Prove that if $x<y$, then $3x+2y<2x+3y<5y$

Question

I am stuck with the following problem:

Let $x,y \in \mathbb{R}$, prove that if $x<y$, then $$3x+2y<2x+3y<5y$$

I have the following:

Suppose $x<y$, then

$x+2x<y+2x$

$ \Rightarrow $ $3x<y+2x$

$ \Rightarrow $ $3x+2y<y+2x+2y$

$ \Rightarrow $ $3x+2y<3y+2x$

$ \Rightarrow $ $3x+2y<2x+3y$

How can I further prove that $3x+2y<2x+3y<5y$ ?

Answer 1

Start from $x<y$. Add $2x$ to both sides to get $3x<y+2x$. Now add $2y$ to both sides to get $3x+2y<3y+2x$.

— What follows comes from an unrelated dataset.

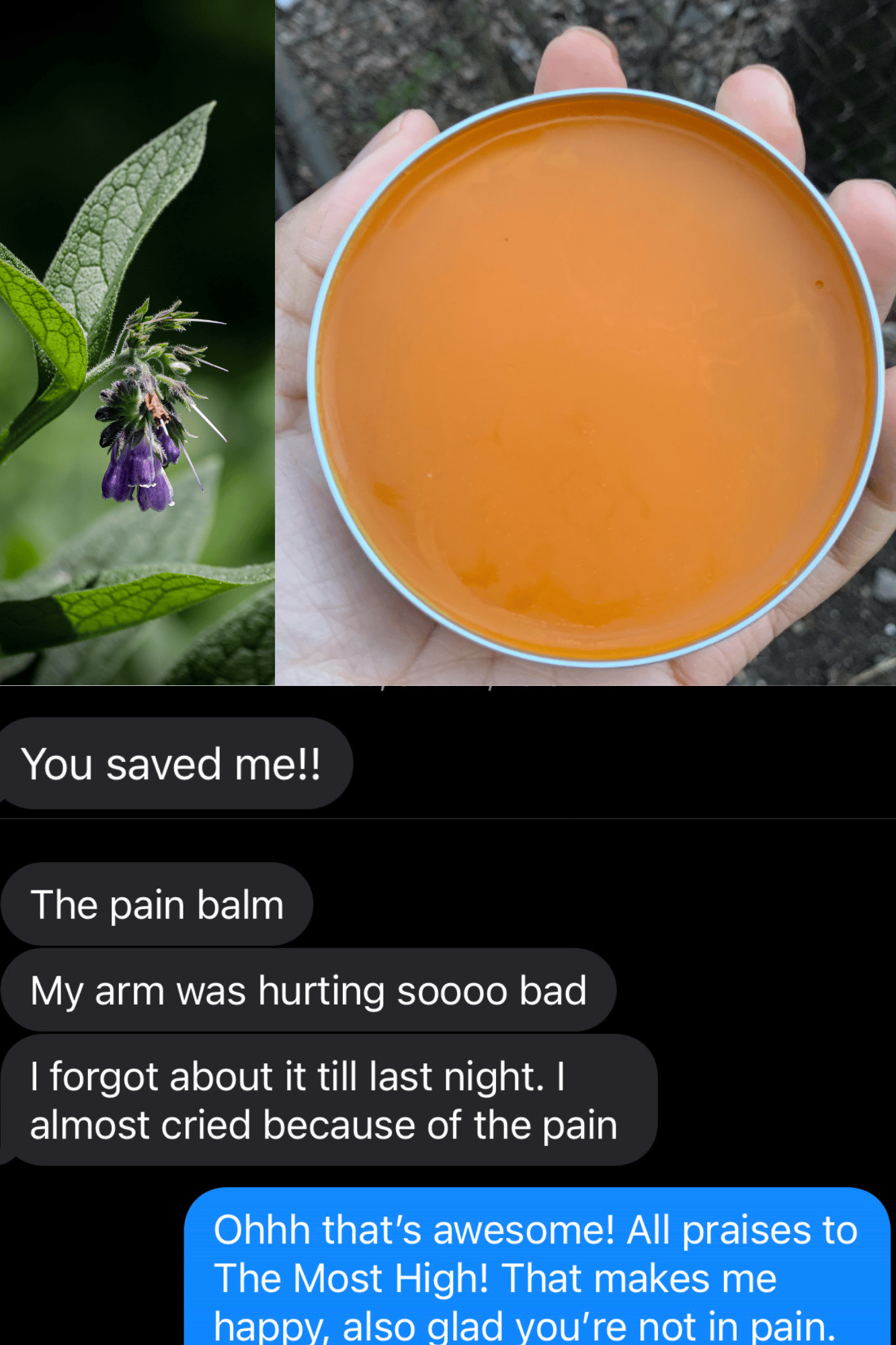 This pain salve was made with organic Herbs comfrey root, turmeric root and cayenne. All infused in grapeseed oil. It was carefully formulated and created to help bring relieve and comfort to those experiencing pain and discomfort.

As for the second inequality it is even easier. If $x<y$ then $2x+3y<2y+3y=5y$.

Answer 2

We have $$2x+3y<2y+3y = 5y$$

and $$2x+3y= 2x+2y+y>2x+2y+x = 3x+2y$$

Answer 3

You can prove that $3x+2y<2x+3y$ observing that$$(2x+3y)-(3x+2y)=y-x>0.$$And, since $x<y$, $2x+3y<2y+3y=5y$.